## Assignment
From the line that contains "Bellissimo vedere tanti" down to the final line of the listing below, set down every line exactly, both ends included, and drop the pictures.

## Data below
● ● ●

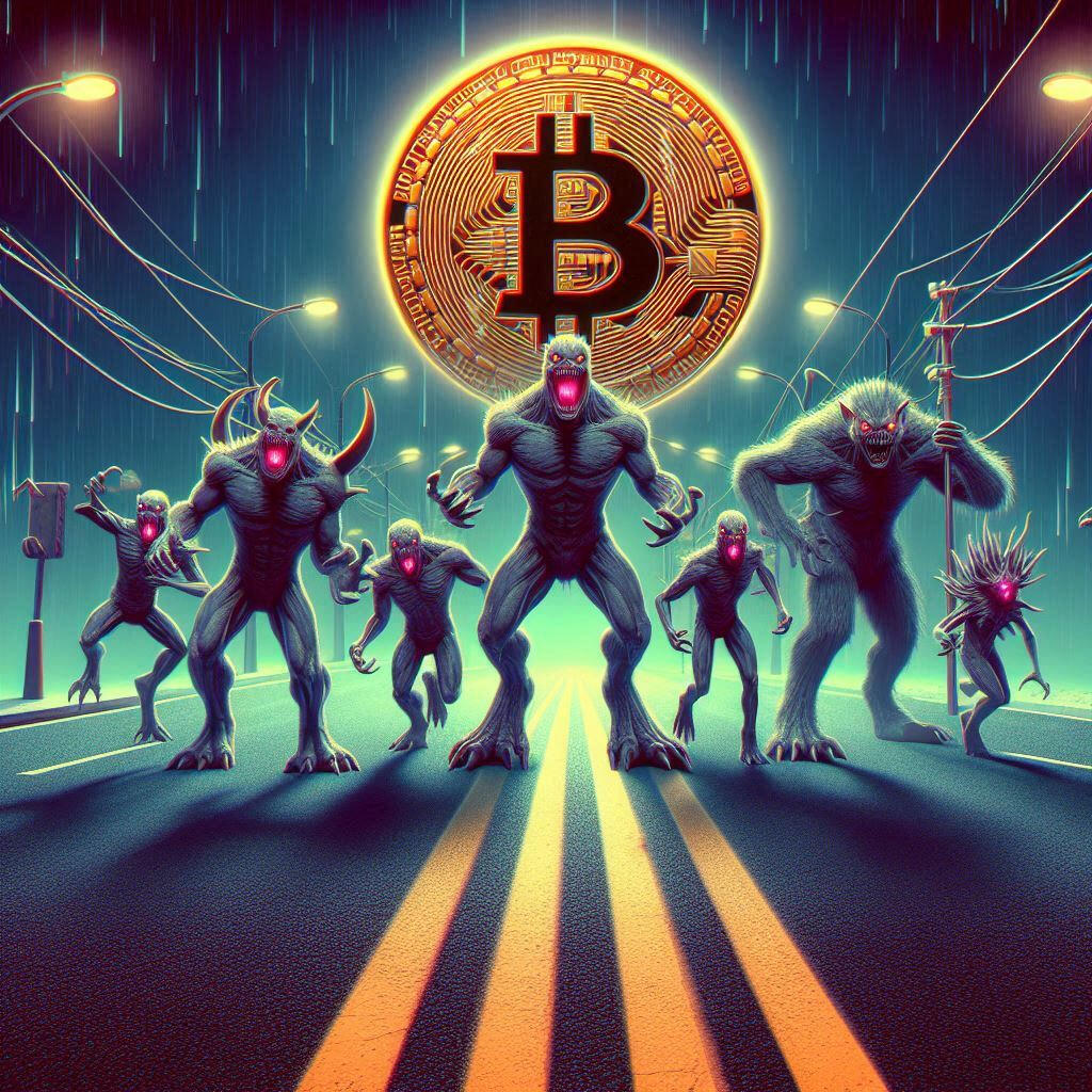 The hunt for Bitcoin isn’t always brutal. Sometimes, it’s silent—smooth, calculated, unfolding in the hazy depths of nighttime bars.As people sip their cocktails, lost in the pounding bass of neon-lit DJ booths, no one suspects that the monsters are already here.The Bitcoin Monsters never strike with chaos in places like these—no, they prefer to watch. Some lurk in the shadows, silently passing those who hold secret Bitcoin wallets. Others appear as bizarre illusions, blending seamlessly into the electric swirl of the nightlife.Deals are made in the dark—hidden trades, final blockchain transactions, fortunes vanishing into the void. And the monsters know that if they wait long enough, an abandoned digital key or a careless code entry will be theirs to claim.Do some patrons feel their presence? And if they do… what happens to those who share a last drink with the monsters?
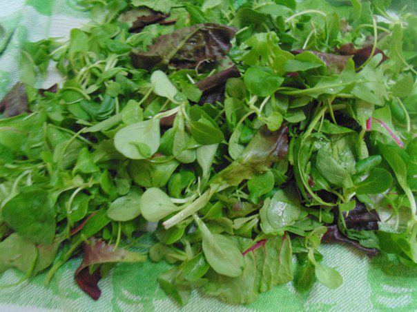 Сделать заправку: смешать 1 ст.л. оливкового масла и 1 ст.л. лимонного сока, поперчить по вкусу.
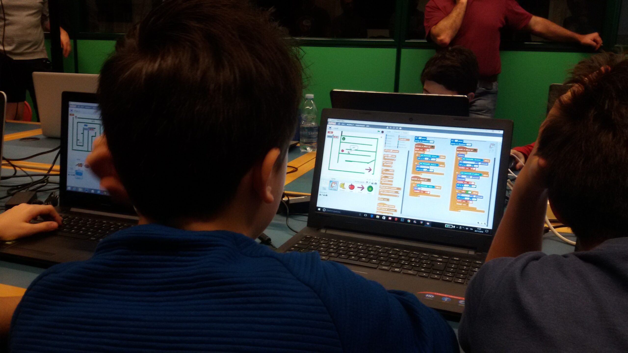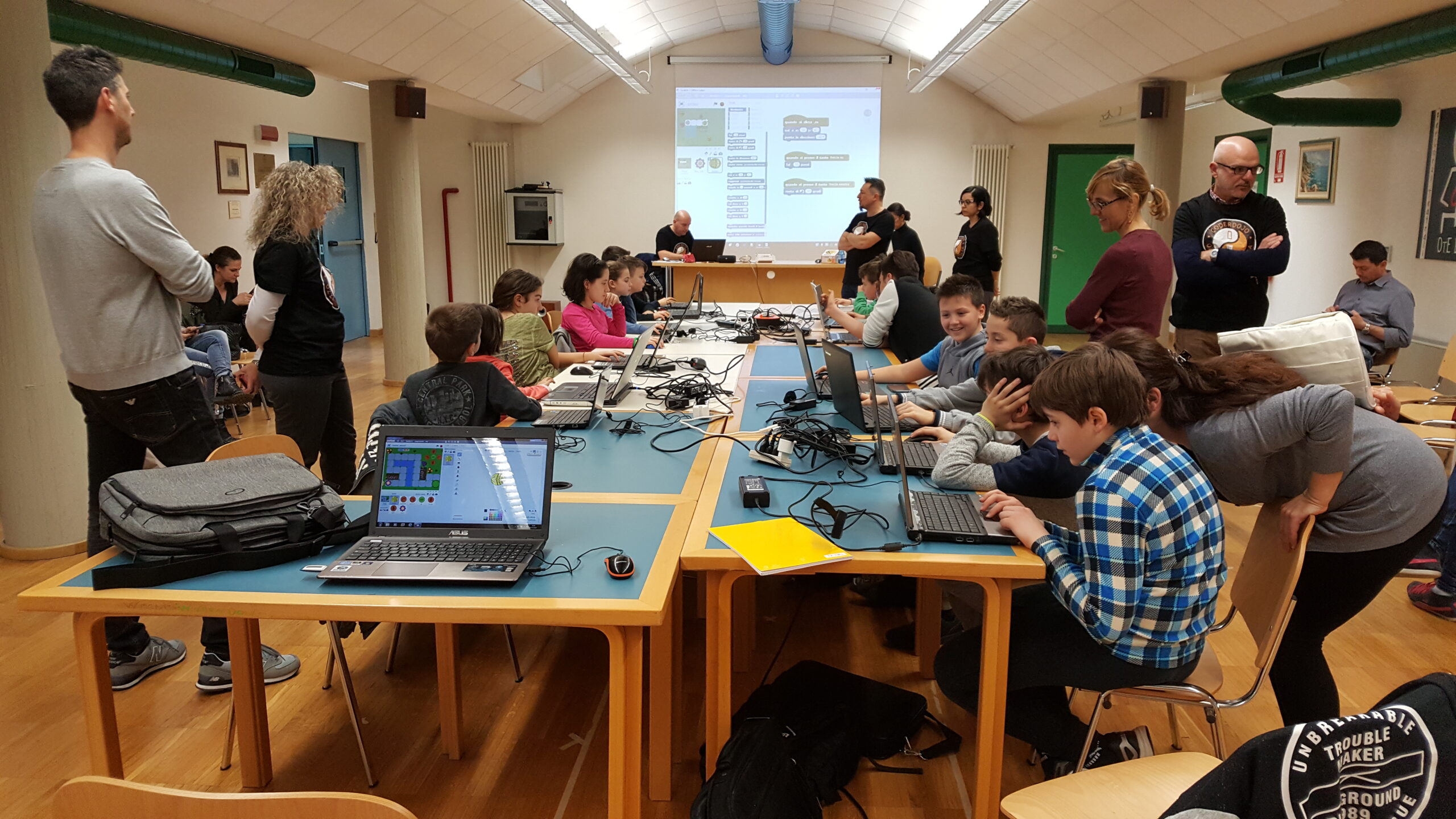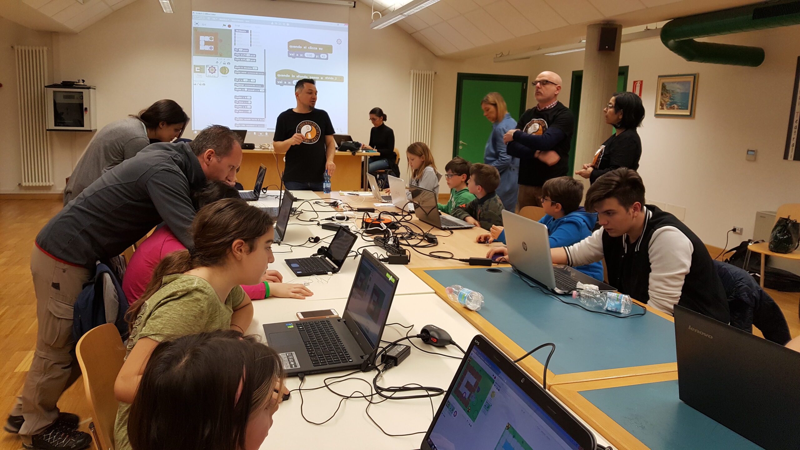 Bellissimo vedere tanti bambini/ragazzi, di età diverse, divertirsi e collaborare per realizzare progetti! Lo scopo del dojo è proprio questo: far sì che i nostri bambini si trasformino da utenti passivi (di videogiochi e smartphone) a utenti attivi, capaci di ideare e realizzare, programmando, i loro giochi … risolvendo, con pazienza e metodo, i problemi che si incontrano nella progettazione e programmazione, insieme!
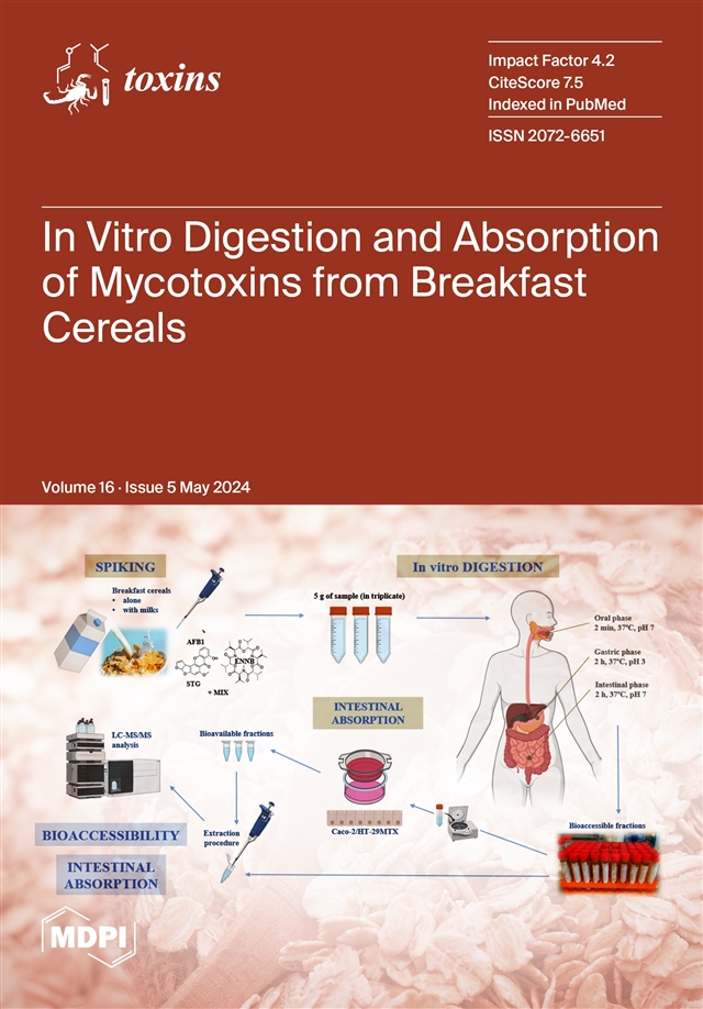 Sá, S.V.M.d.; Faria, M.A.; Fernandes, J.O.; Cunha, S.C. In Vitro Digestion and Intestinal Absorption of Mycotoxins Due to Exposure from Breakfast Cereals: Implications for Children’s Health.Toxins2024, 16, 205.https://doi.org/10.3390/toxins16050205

● ● ●

## Written answer
 Bellissimo vedere tanti bambini/ragazzi, di età diverse, divertirsi e collaborare per realizzare progetti! Lo scopo del dojo è proprio questo: far sì che i nostri bambini si trasformino da utenti passivi (di videogiochi e smartphone) a utenti attivi, capaci di ideare e realizzare, programmando, i loro giochi … risolvendo, con pazienza e metodo, i problemi che si incontrano nella progettazione e programmazione, insieme!
 Sá, S.V.M.d.; Faria, M.A.; Fernandes, J.O.; Cunha, S.C. In Vitro Digestion and Intestinal Absorption of Mycotoxins Due to Exposure from Breakfast Cereals: Implications for Children’s Health.Toxins2024, 16, 205.https://doi.org/10.3390/toxins16050205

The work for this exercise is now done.